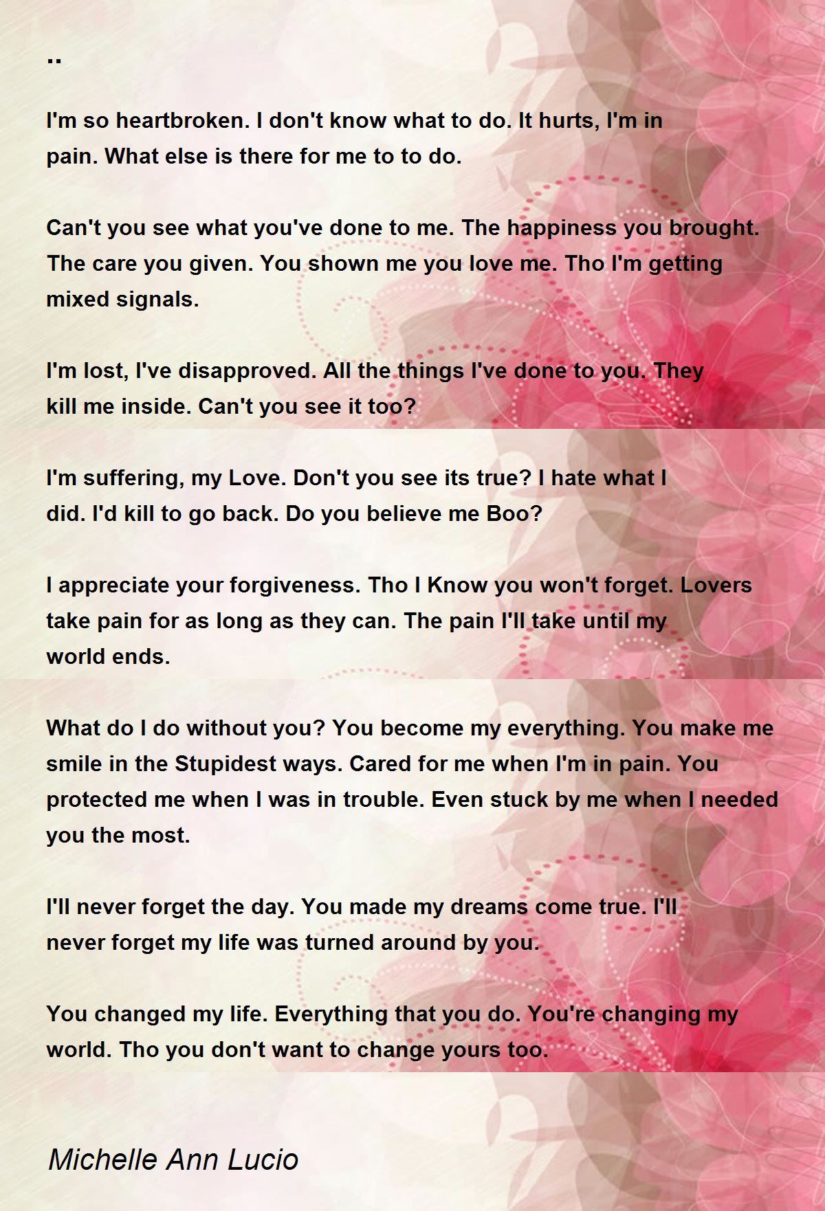 I'm suffering, my Love. Don't you see its true? I hate what I did. I'd kill to go back. Do you believe me Boo?
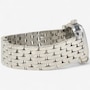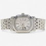Gracefully balancing elegance and precision, this Tiffany & Co. Mark Coupe timepiece showcases a refined, sophisticated design in a compact and wearable format. The case has a sleek stainless steel tonneau (barrel) shape, a gentle curve and classic profile ideal for refined tastes. The silver-coloured dial has a beautiful guilloché textured surface embellished with Roman numeral hour markers, delivering timeless clarity and a heritage aesthetic.
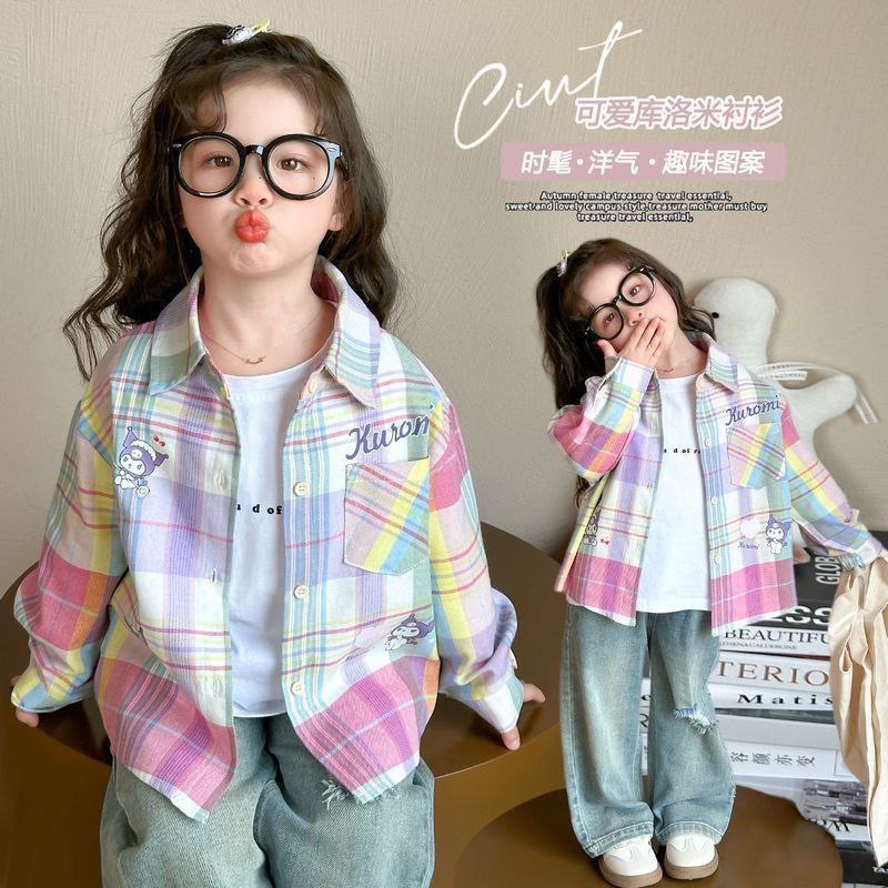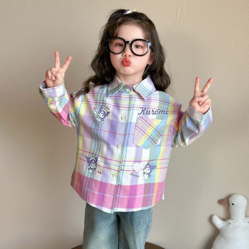 Стильная детская рубашка с длинным рукавом выполнена в нежных пастельных тонах с классическим клетчатым принтом. Модель украшена изображениями популярного персонажа Kuromi, что обязательно понравится юным поклонницам Sanrio. Изделие имеет свободный крой, дополнено нагрудным карманом и застегивается на удобные пуговицы. Плотная и мягкая ткань обеспечивает комфорт при повседневной носке в любое время года.
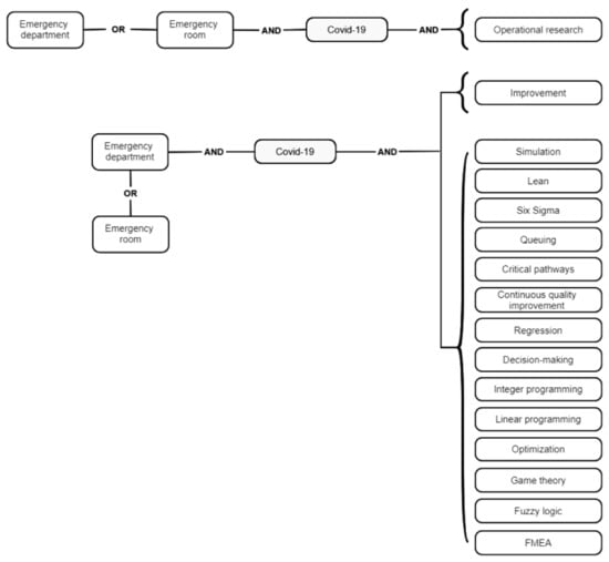 We constrained our comprehensive literature examination to full-text case articles from December 2019 (the date on which the pandemic was initiated) and April 2021 evidencing process improvement methodologies implemented by decision makers, policymakers, ED administrators, practitioners, and researchers to upgrade the response of EDs when managing COVID-19 patients. The papers had to be written in English and provide data grounding the outcomes achieved during the interventions. Research papers depicting conceptual frameworks without application in the practical scenario were not considered in this review. Additionally, conference articles, doctoral theses, textbooks, master’s dissertations, and review papers were discarded. The search strategy included the codes (Figure 1) considering the most prominent process improvement techniques identified in Ortíz-Barrios and Alfaro-Saíz [] as well as keywords related to the topic of review. The techniques included here can serve as a methodological framework supporting interventions undertaken by healthcare administrators, ED managers, health authorities, and practitioners involved in the strategic and tactic decision levels of the emergency care system. These terms are also familiar for these stakeholders as evidenced in Elamir [] (lean), Rotteau et al. [] (continuous quality improvement), Cheng et al. [] (regression), Ashour and Kremer [] (simulation), Feng et al. [] (optimization), Bellew et al. [] (critical pathways), Youseffi and Ferreira [] (decision making), Nezamoddini and Khasawneh [] (integer programming), Bish et al. [] (queuing), Blick [] (2013) (six sigma), Azadeh et al. [] (fuzzy logic), Acuna et al. [] (game theory), Sorrentino [], and Saghafian et al. [] (operational research) where real applications have been fully reported before the pandemic era with the participation of different healthcare workers, especially those from the managerial dependencies. Additionally, we performed a manual search taking into account the references related to the reviewed manuscripts. The use of the “improvement” keyword and the ample number of techniques from the industrial engineering area considered in this review also ensures a significant literature coverage granting the identification of manuscripts with great contribution to the evidence base.
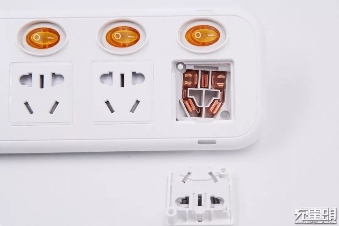 与用电器插头的接触部分使用了锡磷青铜材质制作成插套,锡磷青铜低阻值高回弹力提升导电能力的同时也能很好地夹住插入的设备插头。锡磷青铜材插套三极性分别处在不同的隔舱内,完全杜绝短路隐患。

-=-=-

→ **About this exercise**
Write out all the records exactly, omitting the images.

→ **Response to the task**
 I'm suffering, my Love. Don't you see its true? I hate what I did. I'd kill to go back. Do you believe me Boo?
Gracefully balancing elegance and precision, this Tiffany & Co. Mark Coupe timepiece showcases a refined, sophisticated design in a compact and wearable format. The case has a sleek stainless steel tonneau (barrel) shape, a gentle curve and classic profile ideal for refined tastes. The silver-coloured dial has a beautiful guilloché textured surface embellished with Roman numeral hour markers, delivering timeless clarity and a heritage aesthetic.
 Стильная детская рубашка с длинным рукавом выполнена в нежных пастельных тонах с классическим клетчатым принтом. Модель украшена изображениями популярного персонажа Kuromi, что обязательно понравится юным поклонницам Sanrio. Изделие имеет свободный крой, дополнено нагрудным карманом и застегивается на удобные пуговицы. Плотная и мягкая ткань обеспечивает комфорт при повседневной носке в любое время года.
 We constrained our comprehensive literature examination to full-text case articles from December 2019 (the date on which the pandemic was initiated) and April 2021 evidencing process improvement methodologies implemented by decision makers, policymakers, ED administrators, practitioners, and researchers to upgrade the response of EDs when managing COVID-19 patients. The papers had to be written in English and provide data grounding the outcomes achieved during the interventions. Research papers depicting conceptual frameworks without application in the practical scenario were not considered in this review. Additionally, conference articles, doctoral theses, textbooks, master’s dissertations, and review papers were discarded. The search strategy included the codes (Figure 1) considering the most prominent process improvement techniques identified in Ortíz-Barrios and Alfaro-Saíz [] as well as keywords related to the topic of review. The techniques included here can serve as a methodological framework supporting interventions undertaken by healthcare administrators, ED managers, health authorities, and practitioners involved in the strategic and tactic decision levels of the emergency care system. These terms are also familiar for these stakeholders as evidenced in Elamir [] (lean), Rotteau et al. [] (continuous quality improvement), Cheng et al. [] (regression), Ashour and Kremer [] (simulation), Feng et al. [] (optimization), Bellew et al. [] (critical pathways), Youseffi and Ferreira [] (decision making), Nezamoddini and Khasawneh [] (integer programming), Bish et al. [] (queuing), Blick [] (2013) (six sigma), Azadeh et al. [] (fuzzy logic), Acuna et al. [] (game theory), Sorrentino [], and Saghafian et al. [] (operational research) where real applications have been fully reported before the pandemic era with the participation of different healthcare workers, especially those from the managerial dependencies. Additionally, we performed a manual search taking into account the references related to the reviewed manuscripts. The use of the “improvement” keyword and the ample number of techniques from the industrial engineering area considered in this review also ensures a significant literature coverage granting the identification of manuscripts with great contribution to the evidence base.
 与用电器插头的接触部分使用了锡磷青铜材质制作成插套,锡磷青铜低阻值高回弹力提升导电能力的同时也能很好地夹住插入的设备插头。锡磷青铜材插套三极性分别处在不同的隔舱内,完全杜绝短路隐患。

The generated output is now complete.